The Wind on the Heath, Brother
It is a curious experience to sit with the gypsies round their pot in the twilight and to take your chance with them regarding what comes out of the pot on the end of your fork. For the cauldron is literally a lucky dip, and makes no allowance for finicky choosings. You plunge in your fork and whatever may happen to be speared upon it falls to your portion; you can make no guess beforehand what it is likely to be, for the brown bubbling stew gives away no secrets. But when you have impaled your piece and dragged it forth on to your plate (if the Gormleys are so formal as to provide you with one) then experience plus an elementary knowledge of anatomy will generally solve the riddle. A rabbit’s shoulder-blade, a pheasant’s leg (especially if there are a few feathers still attached to the drumstick), or a chicken’s wishbone provide simple clues, and I once fished up a whole partridge on the end of my fork and felt as if I had drawn out Leviathan with an hook. Sometimes, however, the diagnosis is less easy, for the stew may contain such assorted ingredients as hedgehogs, hares, moorhens, grey squirrels, lapwings, fieldfares (which are excellent) and many small birds, with all kinds of herbs and vegetables, mushrooms, truffles, and the late autumn fungi which we call blue legs.

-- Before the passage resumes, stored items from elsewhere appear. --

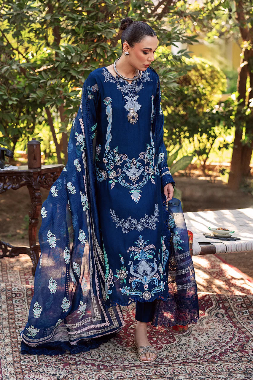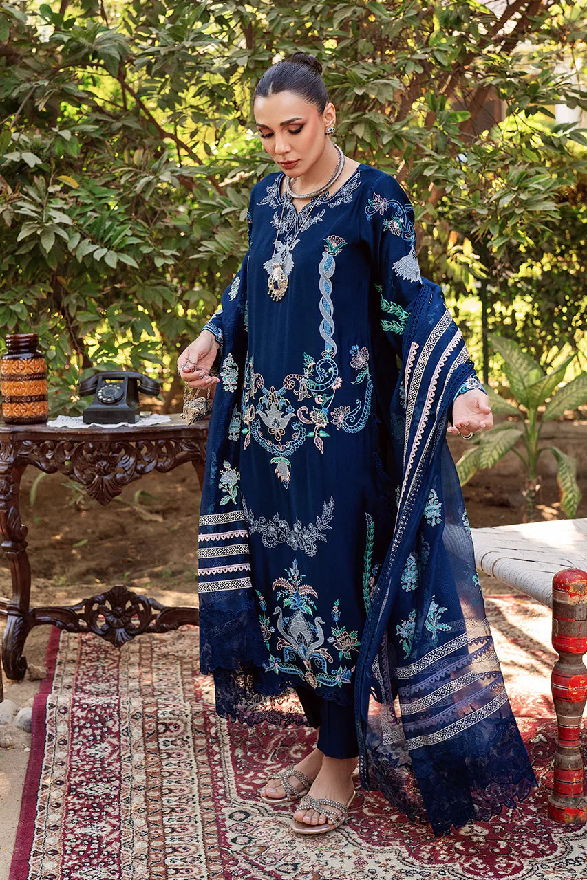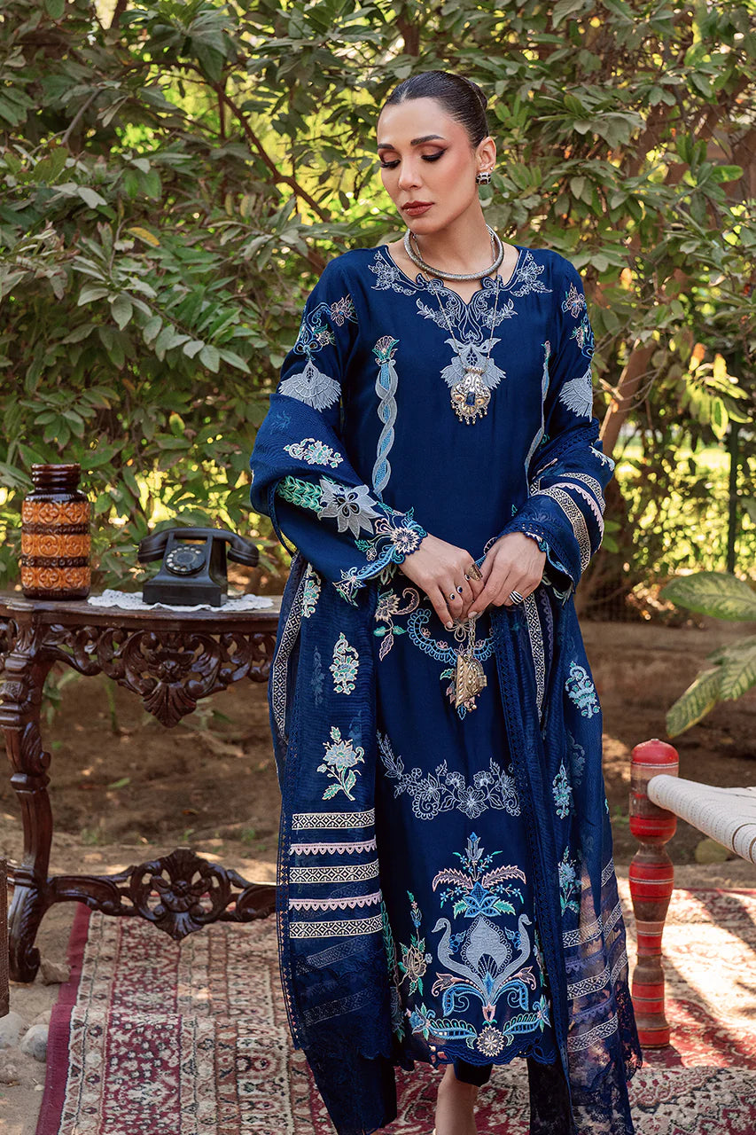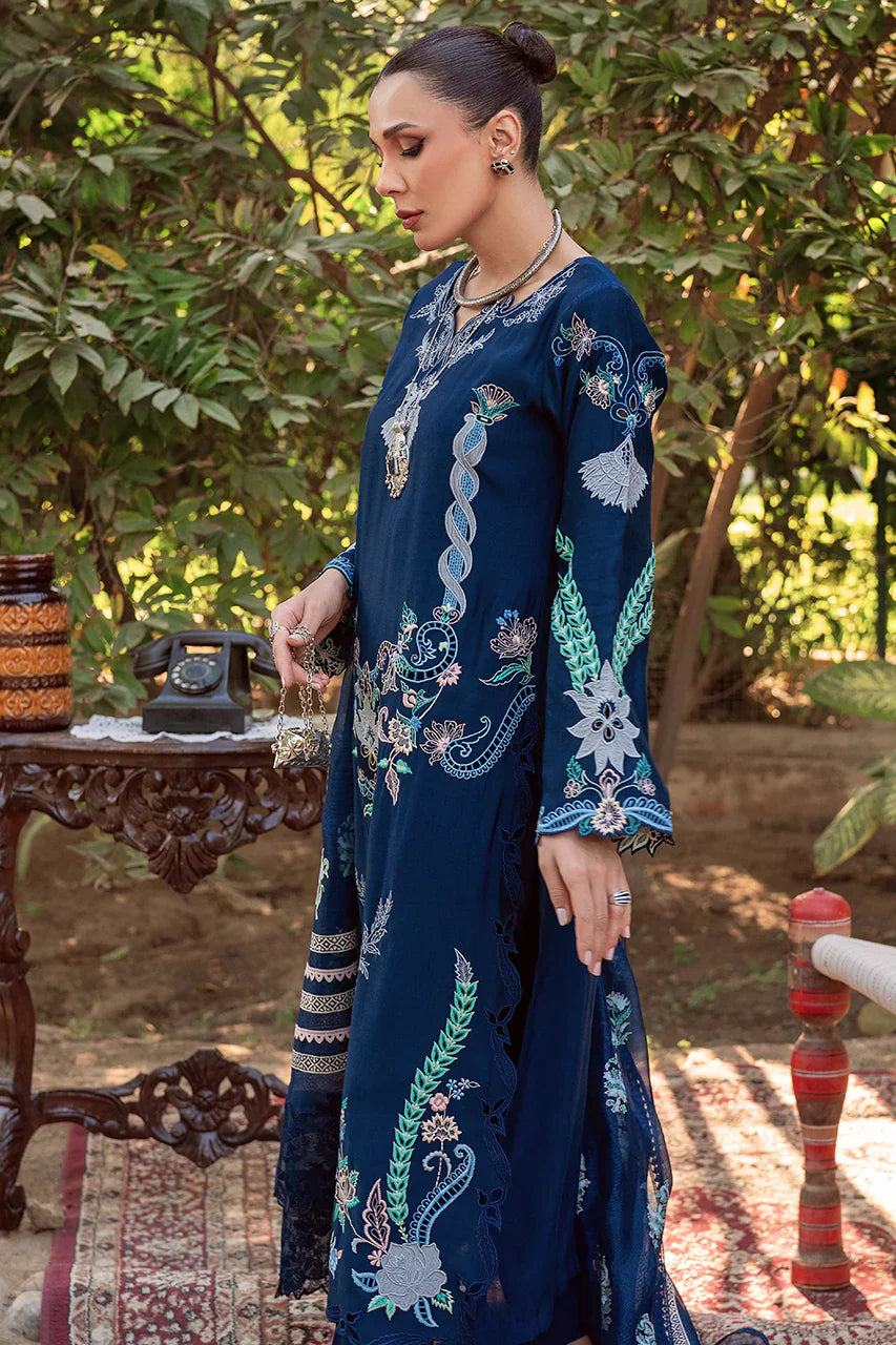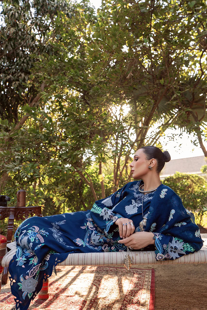 Pernia' exudes effortless luxury, with its cascading block printed dupatta and and a sweeping khaadi silk shirt. This navy blue canvas is exquisitely embroidered with intricate applique, resham & cutwork. Pair it with a matching pant for a classy look.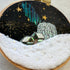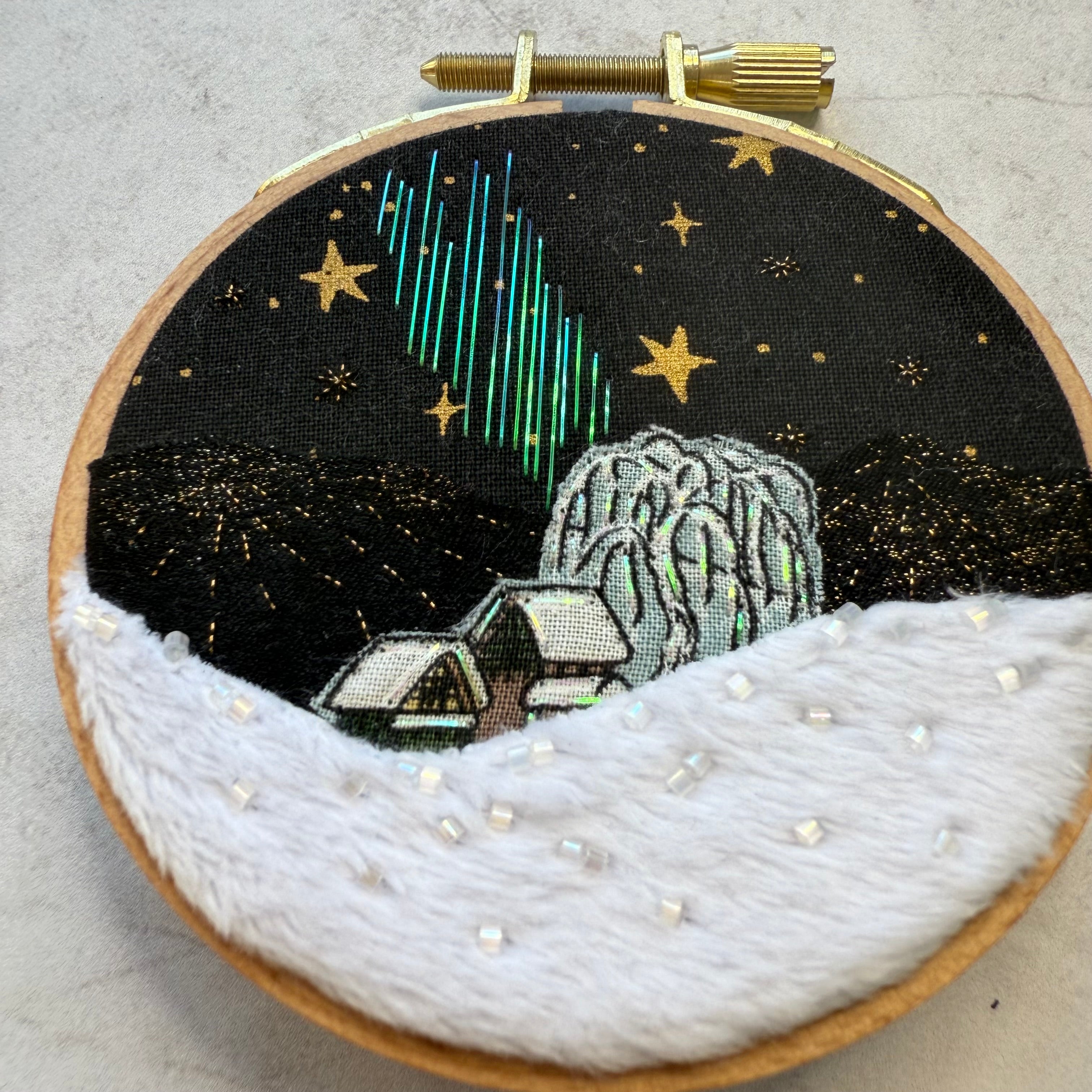 This is a handcrafted, one-of-a-kind embroidery hoop inspired by the landscapes of Oregon and the holiday season.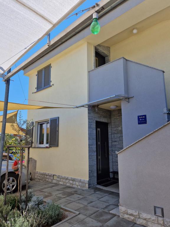 The entire upper floor of a family house is for rent, with internet, air conditioning, TV, two bedrooms with bathroom, living room with kitchen and terrace, covered parking space, grill, bus stop in the center of Filip i Jakov, 250m walk to the beach, 100m to shops, restaurants, pharmacy, shopping center 500m. The beach is sandy, one part fine sand, free, there are various activities for young people and children and restaurants. Nightlife: walking along the sea, music in restaurants or on the waterfront, for children an amusement park and train "Tomica and Friends", 3km Biograd na Moru for even more fun or 26km Zadar. From Filip i Jakov there is the possibility of a one-day trip to the Kornati Islands, Krka Waterfalls, Vrana Lake, the old town of Zadar, Fun Park in Biograd and even Plitvice Lakes, etc. You don't need a car to stay and relax here, everything can be done on foot. You can come by bus directly to the house or by plane to the airport Zemunik near Zadar (25km). If our owner is not there then usually the guests are alone in the house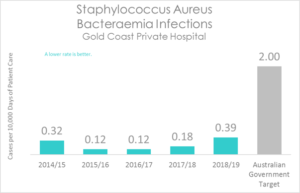 The graph below shows the number of Staphylococcus Aureus infections. The coloured bars represent Gold Coast Private Hospital's rate. This is compared to the Australian government target shown in the grey bar. The national benchmark for SAB is no more than 1 case per 10,000 days of patient care.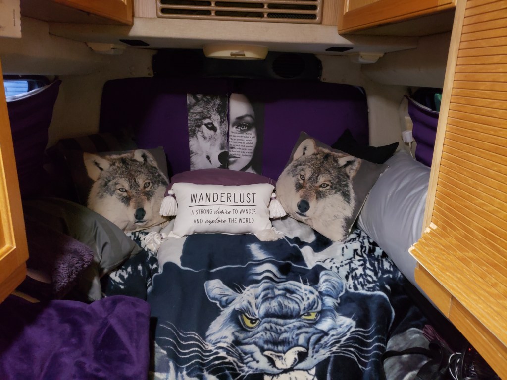 With the temperatures dropping I do my usual things. Put plastic on the bottom of the windows by the couch and bed, double up on my blankets, and I will also hang a blanket closer into the house portion of the van to keep the heat more centralized to my living area. The foam puzzle floor also helps insulate the floors along with my bath mats but as the temperature drops into minus double digits I still need slippers.

The gypsies are not averse to curing the hams of a badger when they can lay hold of one, and it is difficult to distinguish the meat from good lean bacon; and every year in the winter they take their toll of the cygnets on the river, catching them for preference just before the brown plumage becomes flecked with white. So you see there is plenty of variety in the gypsies’ diet, and when you sup with them it is best on the whole to put aside all uncomfortable speculations – in fact to ‘ope
n your mouth and shut your eyes and eat what the good Lord sends you’. Otherwise you are apt to remember your Macbeth and the Weird Sisters’ recipe, and to read into the morphology of even the most delicious morsel a suggestion of fenny snake or newt’s eye, lizard’s leg and birth-strangled babe’s finger. That way nausea lies.